- Your task -
Return nothing but the lines from the one with "Custom Moving Average" through the one with "その中には、すべての地球生命" in the data below, word for word and without pictures.

Entries taken from a collection

<<<<

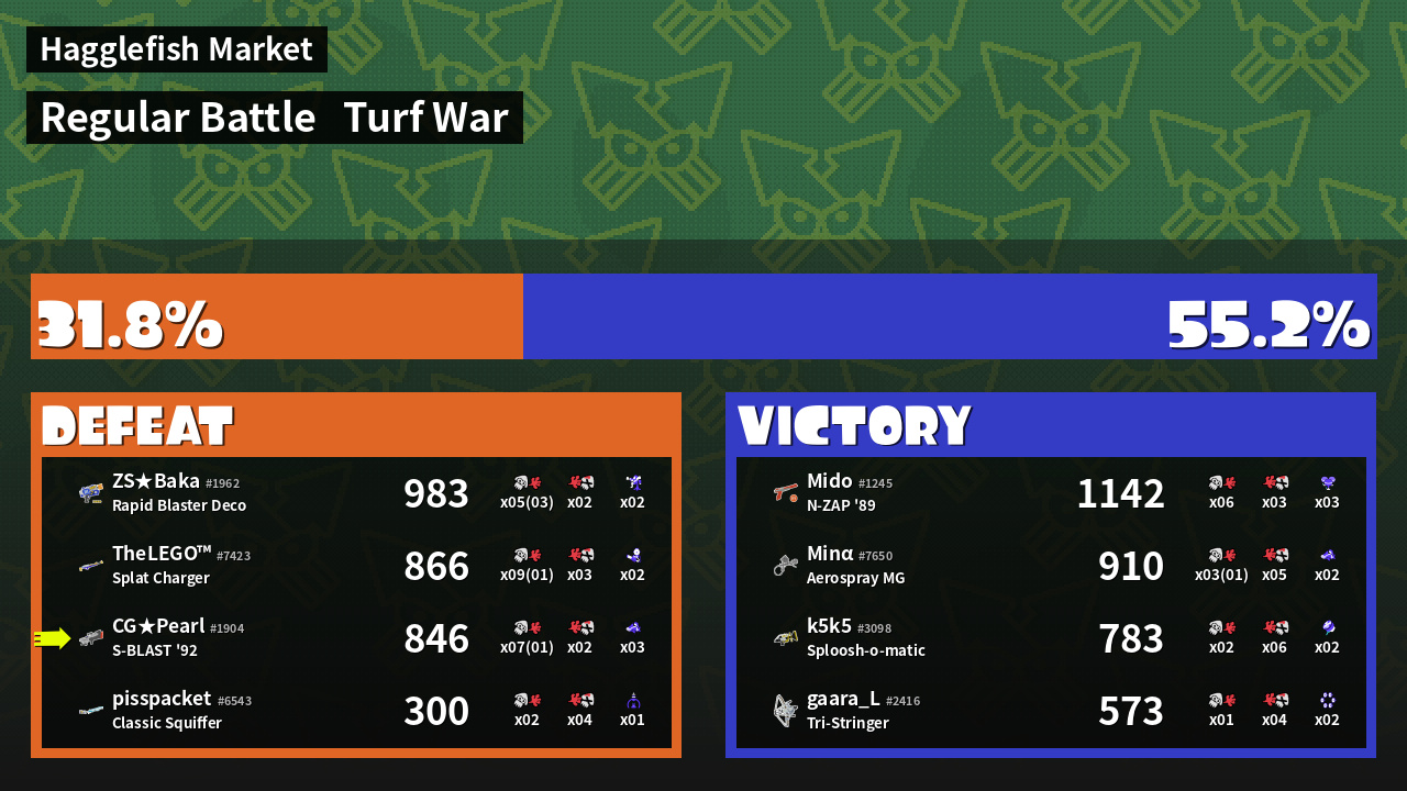 | Medals | #1 Enemy-Base Inker #1 Ground Traveler #1 Damage Taker | ||
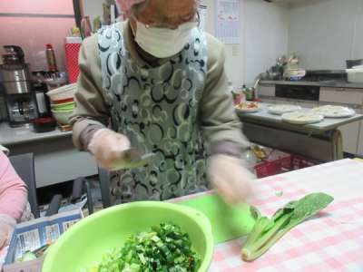 味噌汁に入れる具材を切っていきます
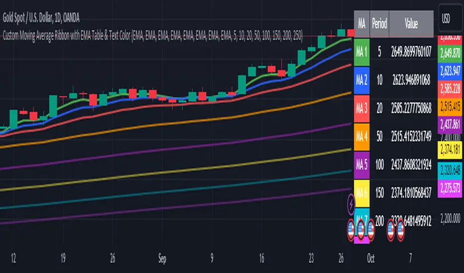 Custom Moving Average Ribbon with EMA Table & Text Color
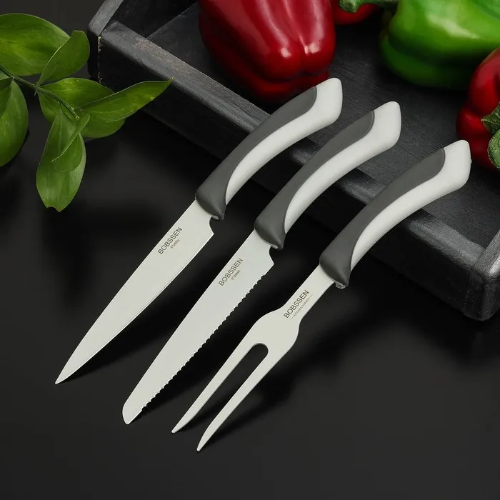 - В комплект входят три предмета: ножи и вилка для мяса, что обеспечивает полный набор для повседневных задач на кухне.
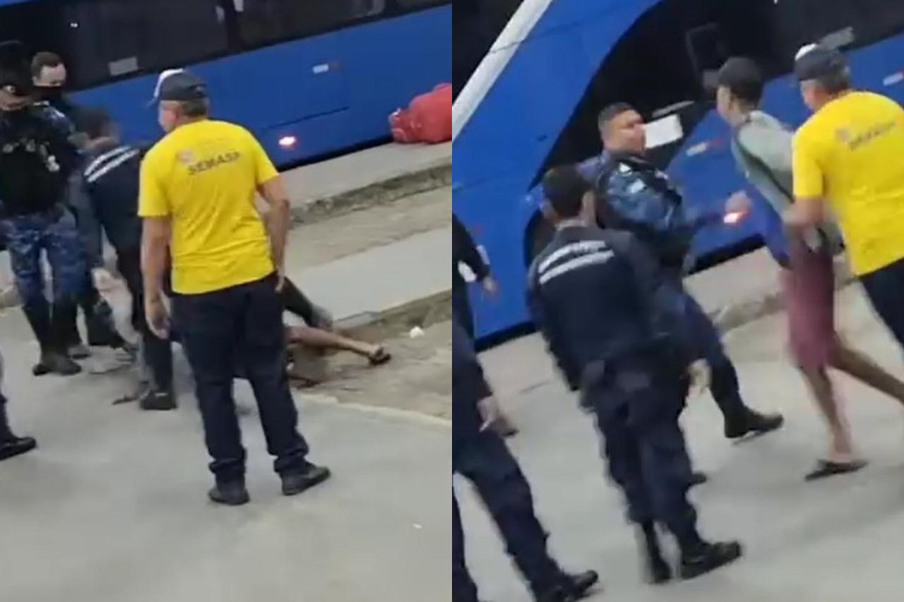 Um homem foi agredido com tapas e chutes por guardas civis em uma rodoviária de Juazeiro do Norte, no Cariri, na madrugada desta terça-feira (23). Imagens gravadas por testemunhas mostram que um dos agentes chega pelas costas e dá um tapa no rosto da vítima.
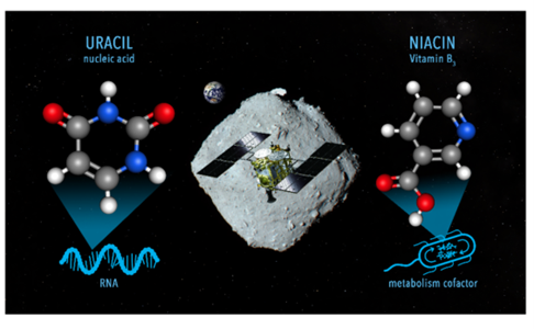 その中には、すべての地球生命のRNAに含まれる核酸塩基「ウラシル」と、生命の代謝に必要不可欠な「ビタミンB₃(ナイアシン)」が含まれていました。
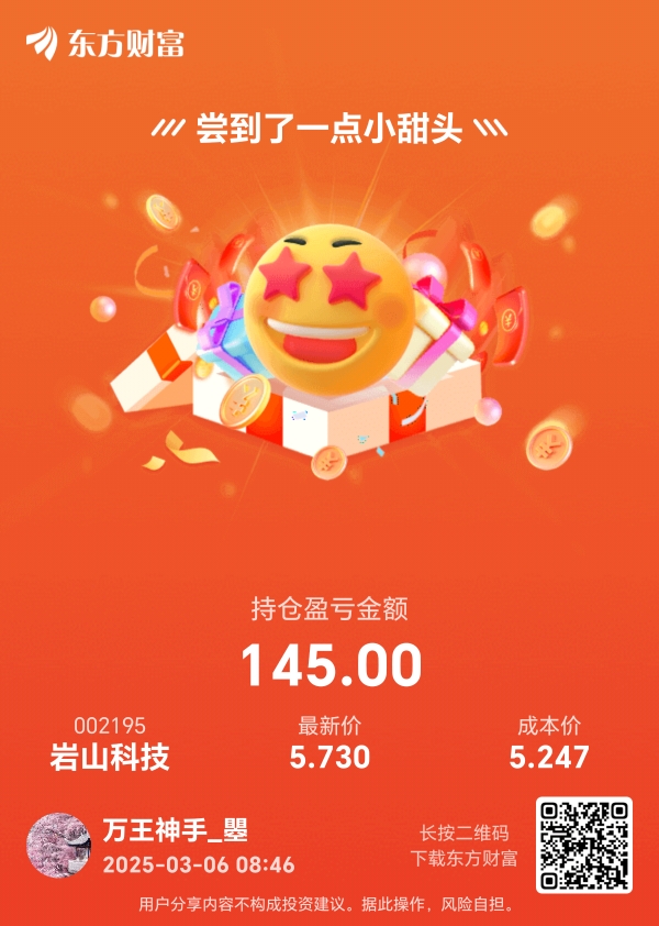 温馨提示: 1.根据《证券法》规定,禁止编造、传播虚假信息或者误导性信息,扰乱证券市场;2.用户在本社区发表的所有资料、言论等仅代表个人观点,与本网站立场无关,不对您构成任何投资建议。用户应基于自己的独立判断,自行决定证券投资并承担相应风险。《东方财富社区管理规定》

>>>>

- Result of this task -
 Custom Moving Average Ribbon with EMA Table & Text Color
 - В комплект входят три предмета: ножи и вилка для мяса, что обеспечивает полный набор для повседневных задач на кухне.
 Um homem foi agredido com tapas e chutes por guardas civis em uma rodoviária de Juazeiro do Norte, no Cariri, na madrugada desta terça-feira (23). Imagens gravadas por testemunhas mostram que um dos agentes chega pelas costas e dá um tapa no rosto da vítima.
 その中には、すべての地球生命のRNAに含まれる核酸塩基「ウラシル」と、生命の代謝に必要不可欠な「ビタミンB₃(ナイアシン)」が含まれていました。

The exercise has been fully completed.